→ **To do**: Please transcribe the entries below exactly and leave out every picture.

→ **Entries supplied**:

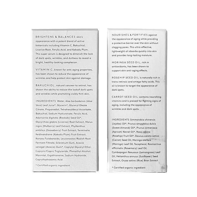 • KEY INGREDIENTS: Potent botanicals known for visible results: Bakuchiol for a radiant look and firm feel, Vitamin C for an even tone, Argan Oil for a youthful glow, and Pomegranate Seed Oil for deep nourishment.
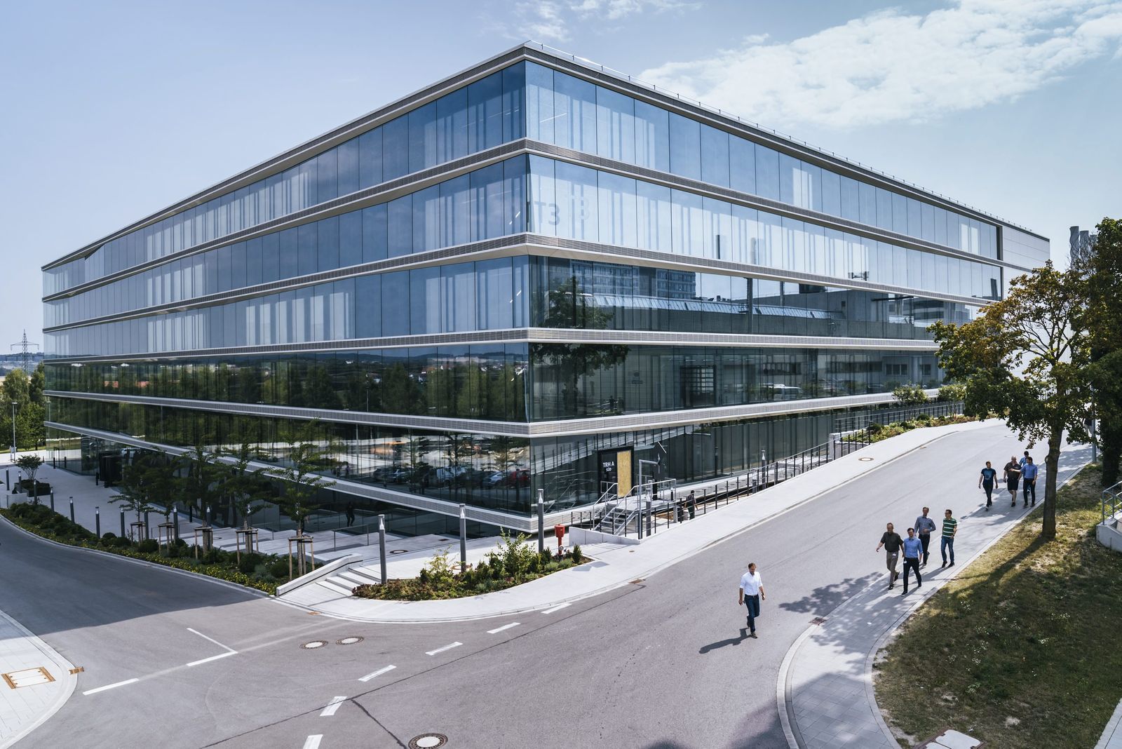 Mit der horizontal gegliederten Glasfassade hebt sich der Baukörper dezent und deutlich von seiner Nachbarschaft aus Industriebauten ab. Die mehrfach gefaltete und verspiegelte vorgehängte Außenfassade mit kristallin anmutendem Charakter lässt keine Einblicke auf die streng gehüteten Geheimnisse im Inneren zu. Neue Automodelle werden hier entworfen, entwickelt und in maßstäblichen Modellen zum Leben erweckt. Die Architekten waren ihrerseits gefordert, Arbeitswelten der Zukunft zu entwickeln, Orte des Rückzugs, des Austauschs und für die Arbeit an Modellen im Realmaßstab.
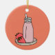 Cute strawberry milkshake design in retro cafe retro milkshake theme. Pink and white color scheme with fresh strawberries. Colorful and cute retro style.
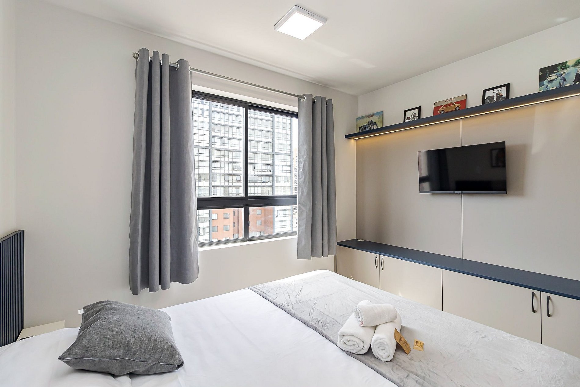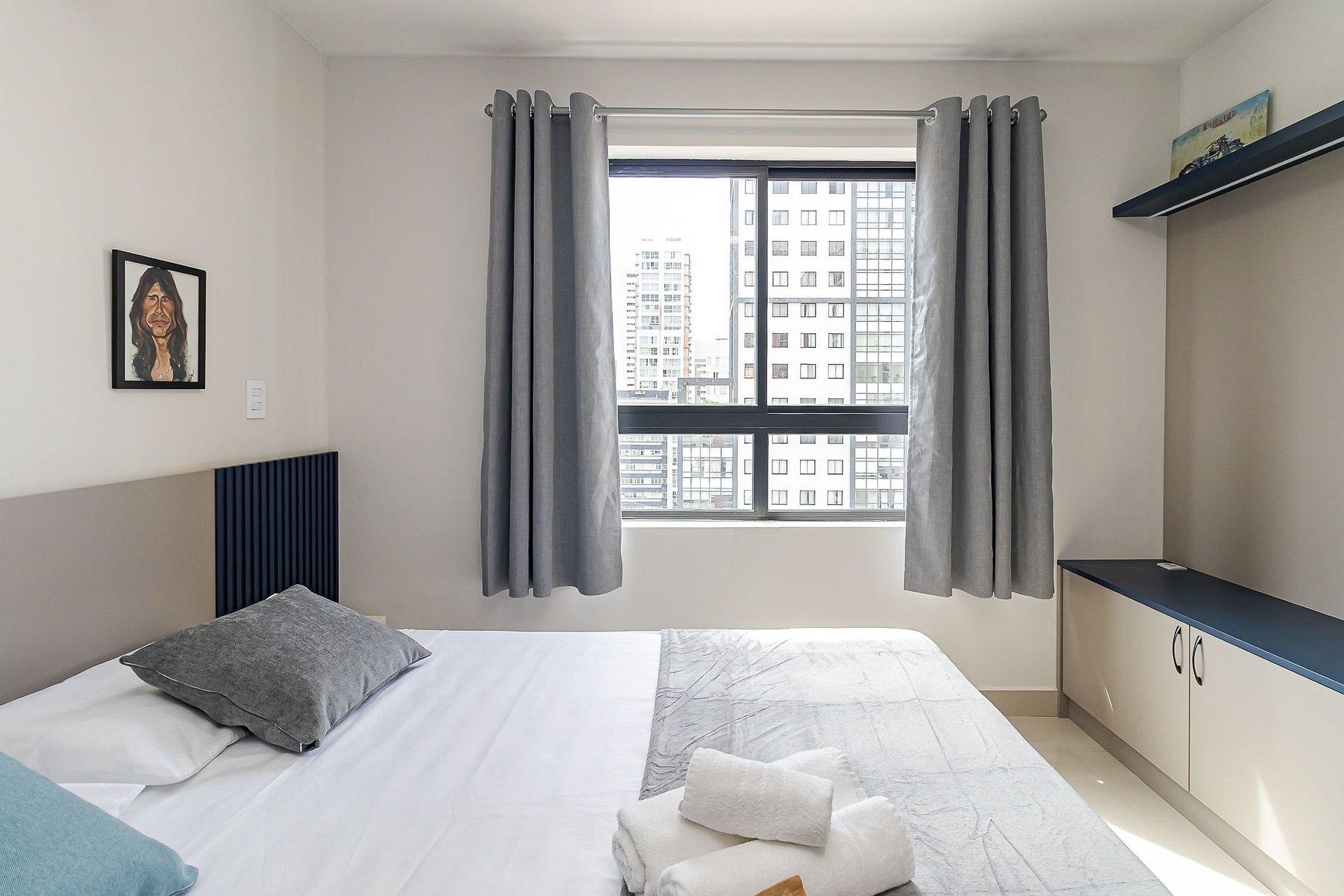 • Ambiente integrado: cama queen, armários com cabides, TV Smart, mesa com duas cadeiras ideal tanto para refeições quanto para trabalho, ar-condicionado split, cortina privativa, janela ampla que deixa o ambiente bem iluminado e mesa de apoio ao lado da cama.
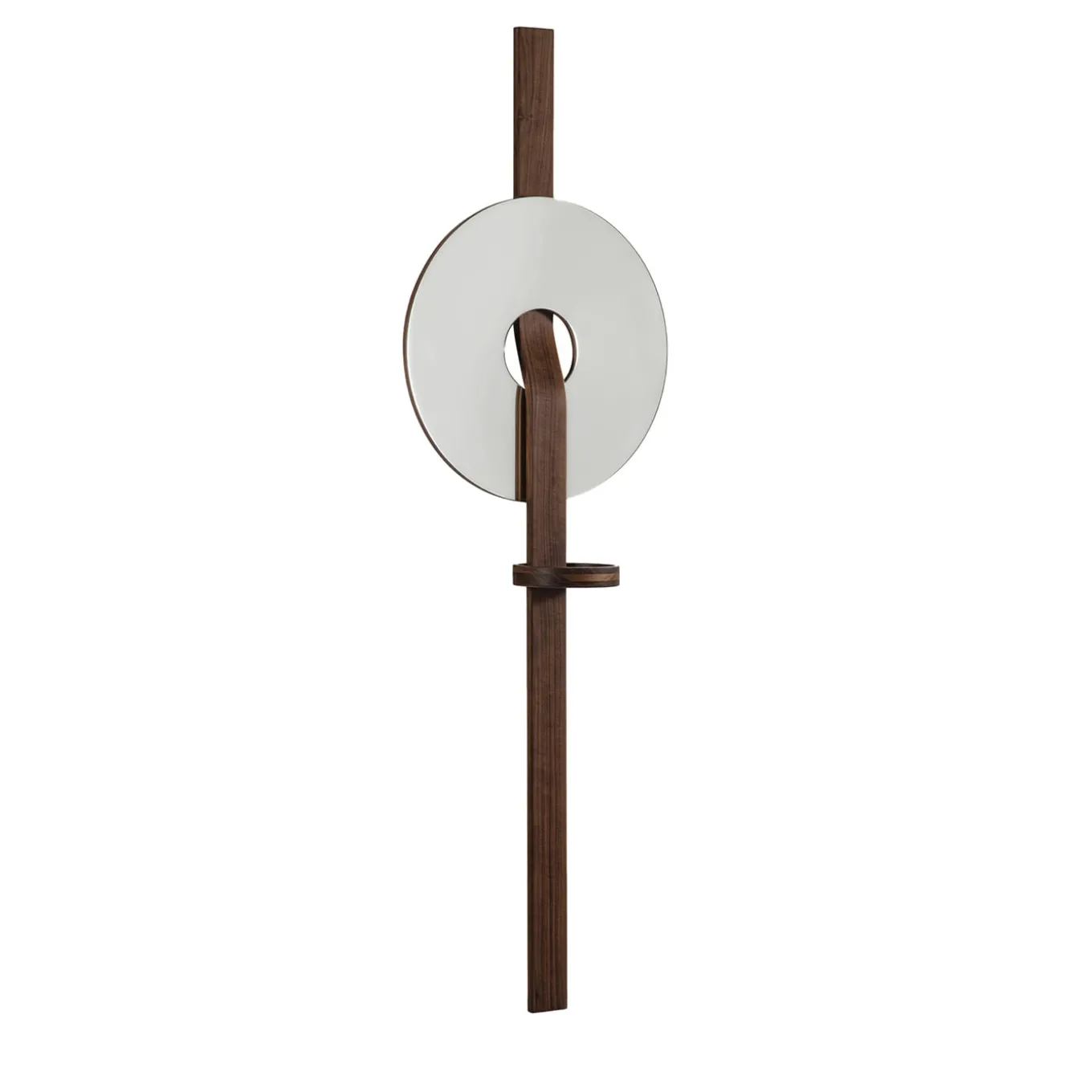 This wall mirror is a triumph of geometric volumes arranged in a sculptural composition of unmistakable contemporary inspiration. The disk-shaped mirrored glass element is pierced by the slightly curved band in solid Canaletto walnut that serves an essential structural function. The tiny, built-in tray completes the design.
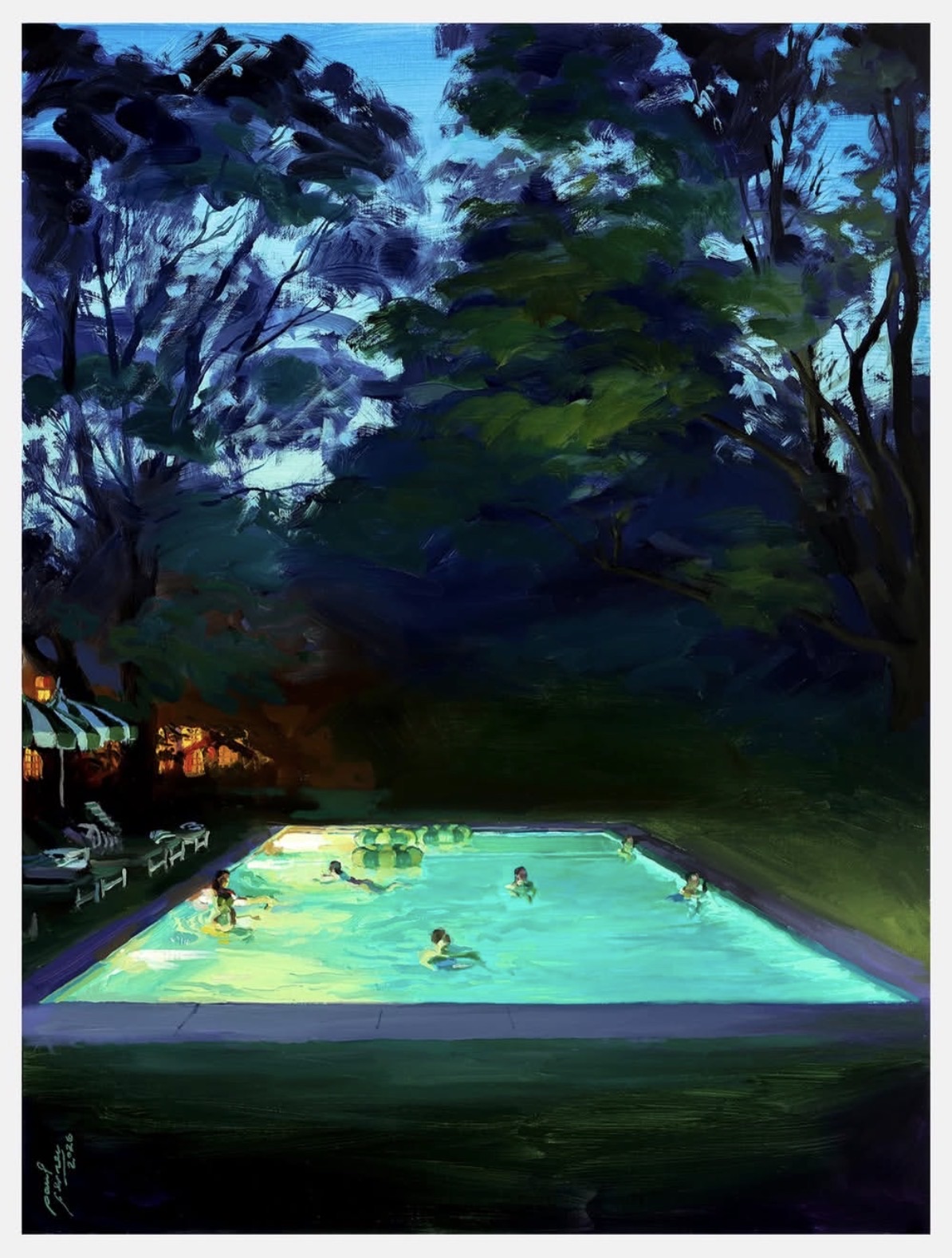Playful typography woven into his compositions nods to the hand lettered signs and broadsides of American vernacular culture, giving his work a literary dimension that rewards close looking. His color palette, warm and luminous without ever tipping into sentimentality, is one of the most immediately pleasurable things about spending time with his pieces. "Moonlight," painted in oil on linen panel and dated 2026, offers a compelling example of where Ferney's practice currently stands. Oil on linen is a material choice with deep art historical resonance, and the decision to work in this medium speaks to an artist who takes the physical and historical dimensions of painting seriously even while his imagery remains rooted in the personal and the intimate.
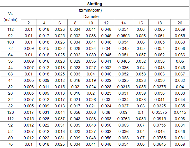 Milling Parameters of ball nose end mill:
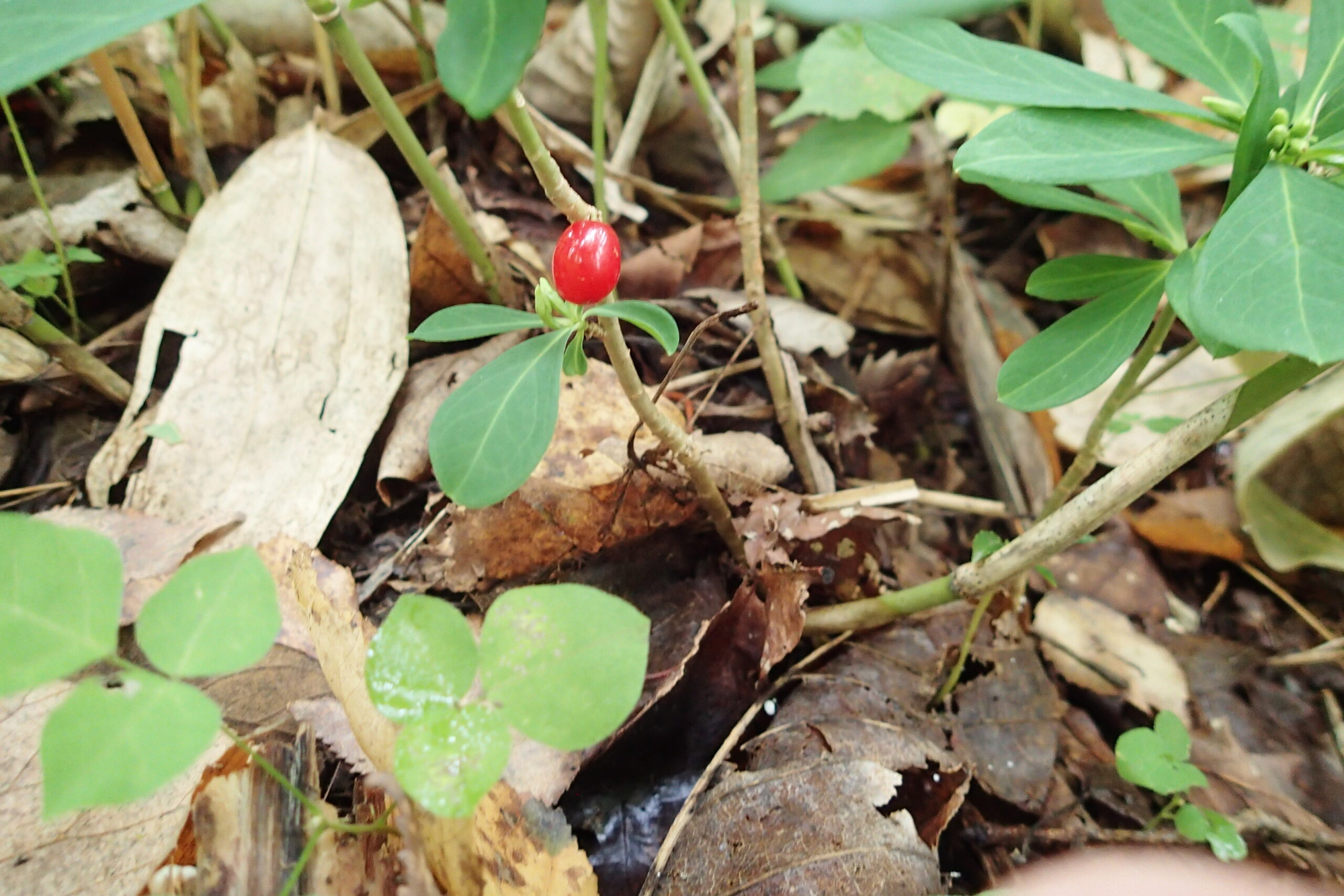 春一番に黄色い花を咲かせていたナニワズは赤い果実を付けていました。

→ **Task result**:
 • KEY INGREDIENTS: Potent botanicals known for visible results: Bakuchiol for a radiant look and firm feel, Vitamin C for an even tone, Argan Oil for a youthful glow, and Pomegranate Seed Oil for deep nourishment.
 Mit der horizontal gegliederten Glasfassade hebt sich der Baukörper dezent und deutlich von seiner Nachbarschaft aus Industriebauten ab. Die mehrfach gefaltete und verspiegelte vorgehängte Außenfassade mit kristallin anmutendem Charakter lässt keine Einblicke auf die streng gehüteten Geheimnisse im Inneren zu. Neue Automodelle werden hier entworfen, entwickelt und in maßstäblichen Modellen zum Leben erweckt. Die Architekten waren ihrerseits gefordert, Arbeitswelten der Zukunft zu entwickeln, Orte des Rückzugs, des Austauschs und für die Arbeit an Modellen im Realmaßstab.
 Cute strawberry milkshake design in retro cafe retro milkshake theme. Pink and white color scheme with fresh strawberries. Colorful and cute retro style.
 • Ambiente integrado: cama queen, armários com cabides, TV Smart, mesa com duas cadeiras ideal tanto para refeições quanto para trabalho, ar-condicionado split, cortina privativa, janela ampla que deixa o ambiente bem iluminado e mesa de apoio ao lado da cama.
 This wall mirror is a triumph of geometric volumes arranged in a sculptural composition of unmistakable contemporary inspiration. The disk-shaped mirrored glass element is pierced by the slightly curved band in solid Canaletto walnut that serves an essential structural function. The tiny, built-in tray completes the design.
Playful typography woven into his compositions nods to the hand lettered signs and broadsides of American vernacular culture, giving his work a literary dimension that rewards close looking. His color palette, warm and luminous without ever tipping into sentimentality, is one of the most immediately pleasurable things about spending time with his pieces. "Moonlight," painted in oil on linen panel and dated 2026, offers a compelling example of where Ferney's practice currently stands. Oil on linen is a material choice with deep art historical resonance, and the decision to work in this medium speaks to an artist who takes the physical and historical dimensions of painting seriously even while his imagery remains rooted in the personal and the intimate.
 Milling Parameters of ball nose end mill:
 春一番に黄色い花を咲かせていたナニワズは赤い果実を付けていました。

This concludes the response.